Scientists find way to make aging hair regrow by manipulating stem cells

The solution worked in mice both young and old.
Loukia Papadopoulos
Hair regrowth.jpg
Hair regrowth.

sefa ozel/iStock 

Northwestern scientists have discovered a new method for helping aging hair regrow in mice.

The method relies on hair follicle stem cells getting stiff as they age, making it harder for them to grow hair. But if the hair follicle’s stem cells are softened, they are more likely to produce hair.

Northwestern scientists conceived a way to soften those stem cells to enable them to grow hair again. This is according to a press release by the institution.

In a study conducted in genetically engineered mouse models, the scientists found that they could soften the stem cells by boosting the production of a tiny RNA, miR-205. When stem cells were genetically manipulated to produce more miR-205, it enhanced hair growth in young and old mice. 

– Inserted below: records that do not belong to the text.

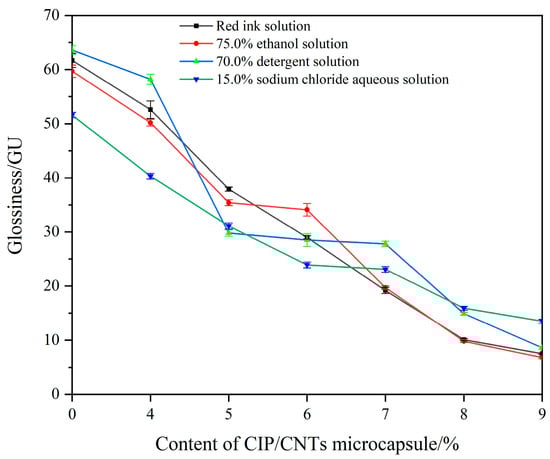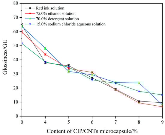 | Content of Shellac Microcapsules (%) | Content of CIP/CNT Microcapsules (%) | 20° Glossiness (GU) | 60° Glossiness (GU) | 85° Glossiness (GU) |
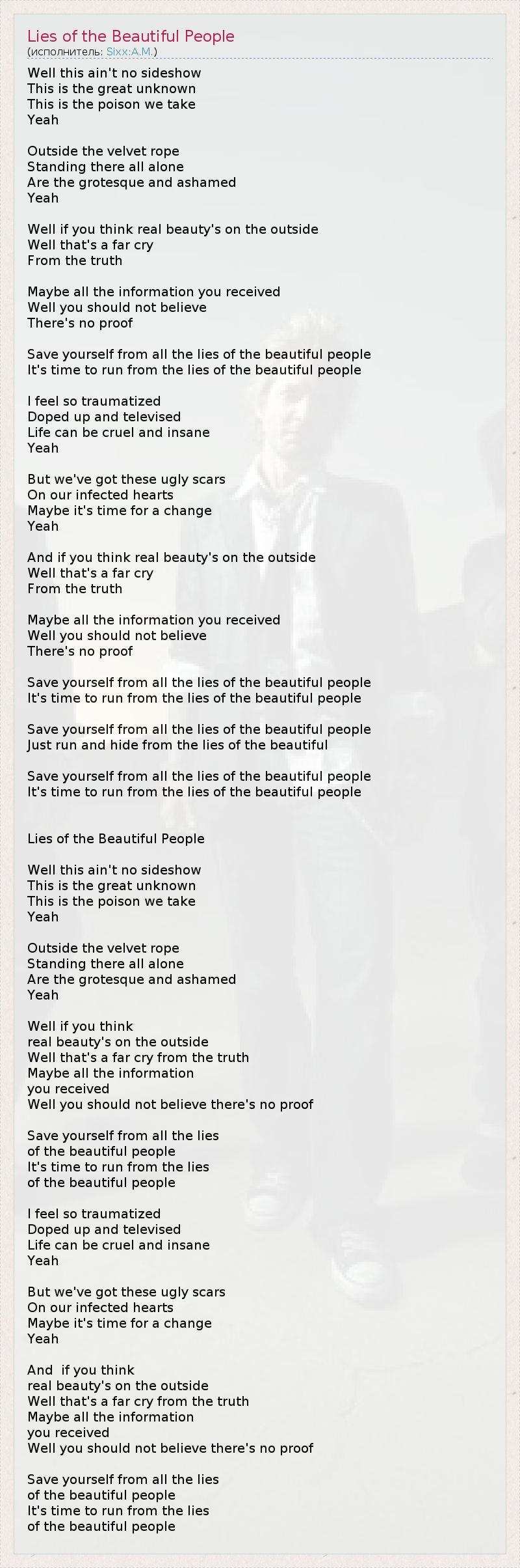 ГлавнаяИсполнителиSixx:A.M.Lies of the Beautiful People
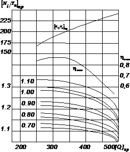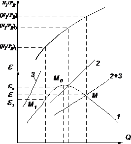Поскольку магистраль и «станционное кольцо» соединены между собой параллельно, то суммирование характеристик 2 и 3 необходимо проводить по подаче Q при постоянных значениях степени сжатия e. Выполненное таким образом сложение даёт суммарную характеристику системы (2+3), на которую работает нагнетатель в новых условиях.

They used advanced microscopy tools, including atomic force microscopy, to measure the hair’s stiffness.

“They started to grow hair in 10 days,” said corresponding author Rui Yi, the Paul E. Steiner Research Professor of Pathology and professor of dermatology at Northwestern University Feinberg School of Medicine. 

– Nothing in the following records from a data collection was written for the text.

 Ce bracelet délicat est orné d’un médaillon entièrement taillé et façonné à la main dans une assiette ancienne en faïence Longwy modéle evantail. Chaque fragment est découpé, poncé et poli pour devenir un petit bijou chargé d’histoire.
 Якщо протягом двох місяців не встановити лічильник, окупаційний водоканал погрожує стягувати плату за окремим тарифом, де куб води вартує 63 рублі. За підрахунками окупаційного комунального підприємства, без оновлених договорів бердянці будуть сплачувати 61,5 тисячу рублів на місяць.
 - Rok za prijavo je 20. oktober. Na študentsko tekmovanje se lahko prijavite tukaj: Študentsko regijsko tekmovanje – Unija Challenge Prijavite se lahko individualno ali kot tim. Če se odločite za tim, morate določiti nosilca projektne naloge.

“These are not new stem cells being generated. We are stimulating the existing stem cells to grow hair. We often still have stem cells, but they may not be able to generate the hair.

Stimulating hair growth

“Our study demonstrates the possibility of stimulating hair growth by regulating cell mechanics. Because of the potential to deliver microRNA by nanoparticles directly into the skin, next, we will test whether topically delivered miR-205 can stimulate hair growth first in mice. If successful, we will design experiments to test whether this microRNA can promote hair growth potentially in humans,” added Steiner in the statement.

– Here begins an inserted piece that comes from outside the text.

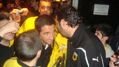 Η ΑΕΚ μπορεί να μην βρίσκετε στις καλύτερες της μέρες, παρόλα αυτά ο Μανόλο Χιμένεθ είναι ψιλά στις καρδιές των φίλων της «ένωσης». Χτες, όταν η ομάδα έφτασε στις Σέρρες για τον σημερινό αγώνα με την τοπική ομάδα, 100 φίλοι της ΑΕΚ περίμεναν έξω από το ξενοδοχείο που μένει η αποστολή της ΑΕΚ για να εκδηλώσουν την αγάπη τους για τον Ισπανό. Το τοπικό club της ORIGINAL, αποθέωσε τον Χιμένεθ, ο οποίος χρειάστηκε μισή ώρα για να πάει να δειπνήσει μ ε την υπόλοιπη ομάδα. Ο κόσμος παρότρυνε τον Χιμένεθ να πάρει όποιες αποφάσεις θεωρεί αυτός σωστές για το καλό του συλλόγου. Πάντως, δεν έλειψε και η δόση χιούμορ από την μεριά του τεχνικού της «ένωσης», ο οποίος είπε πως θα κοουτσάρει την ομάδα με το αναμνηστικό μπλουζάκι που του δώσανε.
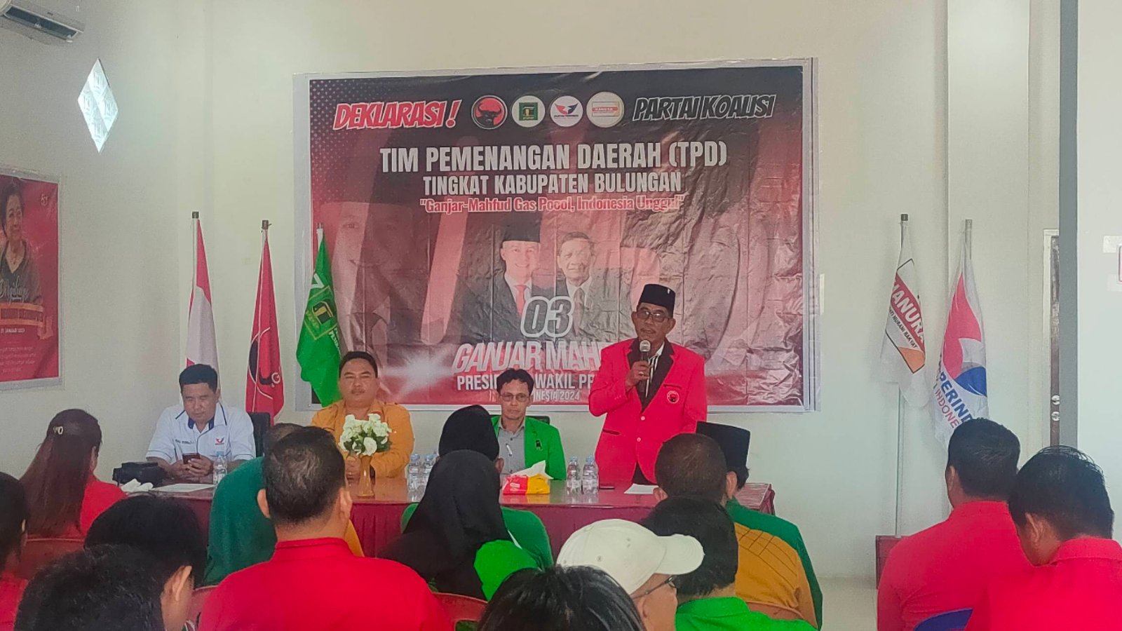 TANJUNG SELOR, Kaltaraaktual.com– Resmi, Tim Pemenangan Daerah (TPD) tingkat Kabupaten Bulungan bersama Dewan Pimpinan Cabang (DPC) PDI Perjuangan Kabupaten Bulungan dan partai pengusung lainnya menggelar deklarasi dukungan untuk pasangan Capres dan Cawapres nomor urut tiga Ganjar Pranowo-Mahfud MD.

The study was published this week in the journal PNAS.

In July 2022, a team of scientists at the University of California, Riverside (UCR) zeroed in on the single chemical key to hair growth and fall. This chemical is the transforming growth factor (TGF) beta, a small protein that works outside the cells and is involved in cell signaling. TGF-beta is the sole chemical involved in both the activation of cell division inside the hair follicles and bringing it to an end.

In November of 2022, researchers from China used artificial intelligence (AI) to design microneedles patches that effectively restored hair in balding mice. In animal experiments, the microneedles patch worked by neutralizing baldness-causing reactive oxygen species in the scalp and regenerating thicker and denser hair.